There’s a lot for non-aficionados to enjoy in this biopic of Maeve Brennan, the oft forgotten Irish wordsmith and dilettante.

There are biting exchanges of the Algonquin set, some of the finest short story writers, journalists and cartoonists the world has ever known, whose lives tilted on their own drunken and lustful axis. There’s Peter O Brien’s marvellous period costume, which, like Paul O Mahony’s moveable three suite set, come undone as Brennan’s psyche unravels and her art and artifice fractures, a mess of Martini glasses, strewn papers and chaffing confetti a visual hangover from the flightiness of excess.

There’s a lively jazz score from Philip Stewart that taunts and titillates, capturing not only the spirit of the period, but also the restless flow of the lady herself. And, of course, there are the wonderful words penned by Brennan, framed here as memories of another life, the writing of which is an act of self-harm, a painful excision which will eventually cost her her sanity.

The toast of 50s New York thanks to her columns in the New Yorker – sharply drawn observations on the city that buzzed around her, and her short stories, where she cannibalised her Irish childhood until there was nothing left to dredge up, she burnt out, dying alone in a nursing home at the age of 76 after years wandering from one hotel to another.

Tapping away at her typewriter, staring into her mind’s eye (a mirror that opens up to a past touchingly acted out by Barry Barnes and Michelle Forbes), the loneliness, apathy, disappointment and bitterness which flowed through her writing is touched upon in extracts recited by Walker.
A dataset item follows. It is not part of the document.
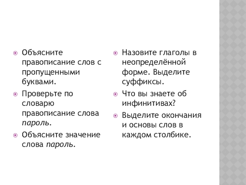 Назовите глаголы в неопределённой форме. Выделите суффиксы.
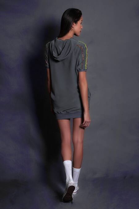 Grey hoodie dress featuring half sleeves and tie-up details at the neckline

The problem with this production is that it doesn’t have anything new to say about Brennan. Focusing on her golden years and how her Irish foundations impeded on them, Emma Donoghue’s script shows us the torment that comes with genius, the assault on the senses that is writers block and poses questions about the price one pays for living two lives, their inner self and their work life. But it’s caught up in the hurly-burly of Annabelle Comyn’s vivacious direction that it never pauses to give us any real clear picture of the lady herself. Your left with the feeling of being given a lively enactment of second-hand news, with the characters in her present tarted up as caricatures of their age.

Catherine Walker is stunning but stunted in a role that is all affected presence lacking soul. While it would be untrue to say that the whole production was unfeeling, it certainly over leant on the supports of its lavish production values and period details.